INFORMATION SUPPLIED:
· · · · ·

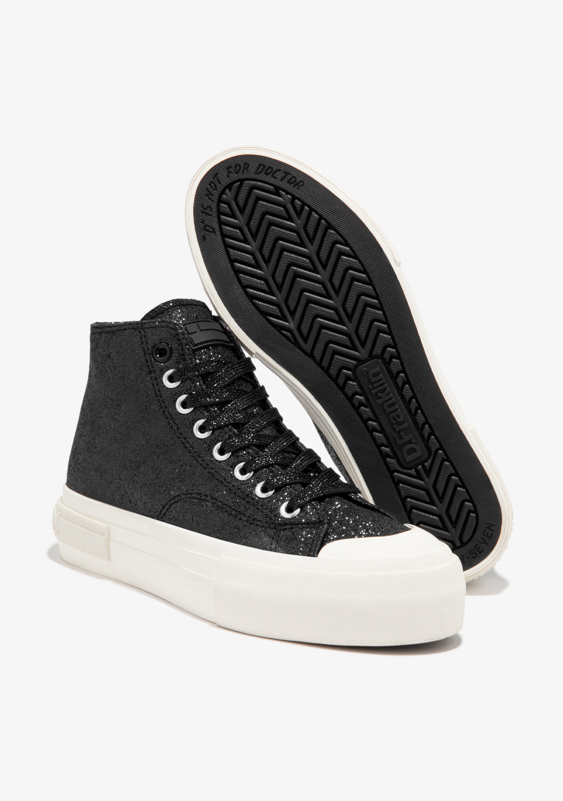 This high-cut model features a shiny black aesthetic. The white rubber sole is 4cm high. It also features personalised lettering on the heel.
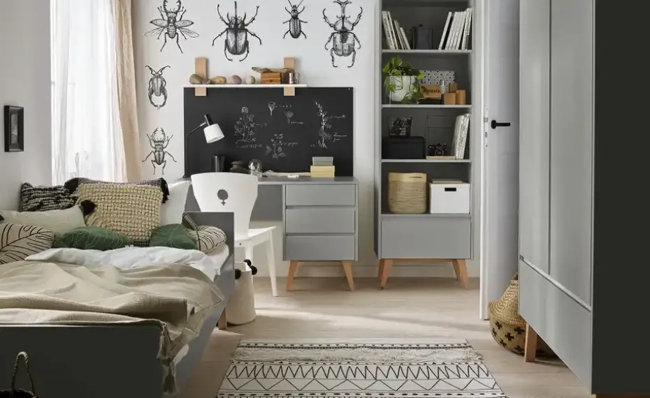 Zeitloses Design und attraktive Massivholzfüße für eine Scandi-Note machen diesen Schreibtisch zu einem kombinationsfreudigen Möbelstück. Nutzen Sie die drei Schubfächer für Hefter, Kabel und Zubehör. Auf der 125 x 75 Zentimeter großen Tischplatte finden Schreibtischlampe, Laptop und Co. problemlos Platz. Sie benötigen mehr Stauraummöglichkeiten? Dann ergänzen Sie den Schreibtisch doch mit der gleichnamigen Kommode oder dem Wandboard der Serie.
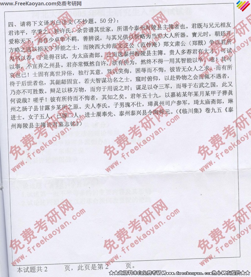 专业课考研经验 本站小编 FreeKaoyan 2018-01-23河北大学2005年考研真题-翻译与写作
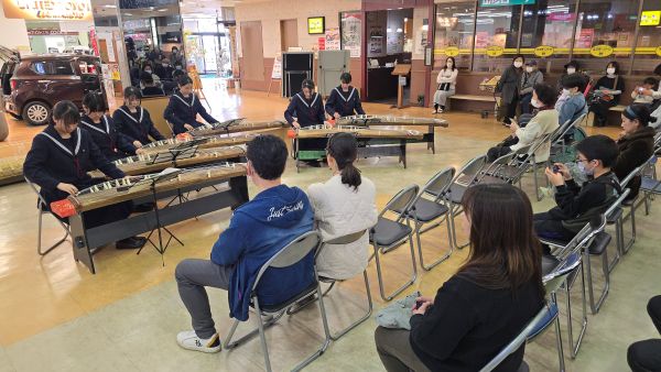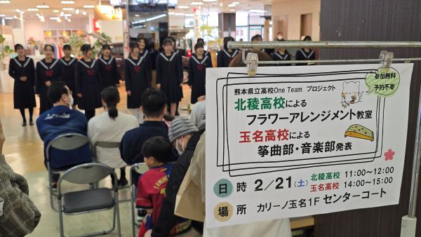 熊本県立高校One Teamプロジェクト事業の一環として、玉名高校箏曲部と音楽部の発表がカリーノ玉名のセンターコートで行われました。音楽部の発表では玉名高校校歌を久しぶりに聞くことができました。One Teamプロジェクト事業とは、県内の特色ある複数の高校が連携し、学校や学科の枠を越えて教育活動を行う取り組みで2022年度から実施されています。この日の午前中には北稜高校によるフラワーアレンジメント教室が行われました。

· · · · ·

TASK GOAL:
From the line with "专业课考研经验 本站小编 FreeKaoyan" through the end of the listing, write out every line exactly, leaving out the pictures.

FINISHED TASK:
 专业课考研经验 本站小编 FreeKaoyan 2018-01-23河北大学2005年考研真题-翻译与写作
 熊本県立高校One Teamプロジェクト事業の一環として、玉名高校箏曲部と音楽部の発表がカリーノ玉名のセンターコートで行われました。音楽部の発表では玉名高校校歌を久しぶりに聞くことができました。One Teamプロジェクト事業とは、県内の特色ある複数の高校が連携し、学校や学科の枠を越えて教育活動を行う取り組みで2022年度から実施されています。この日の午前中には北稜高校によるフラワーアレンジメント教室が行われました。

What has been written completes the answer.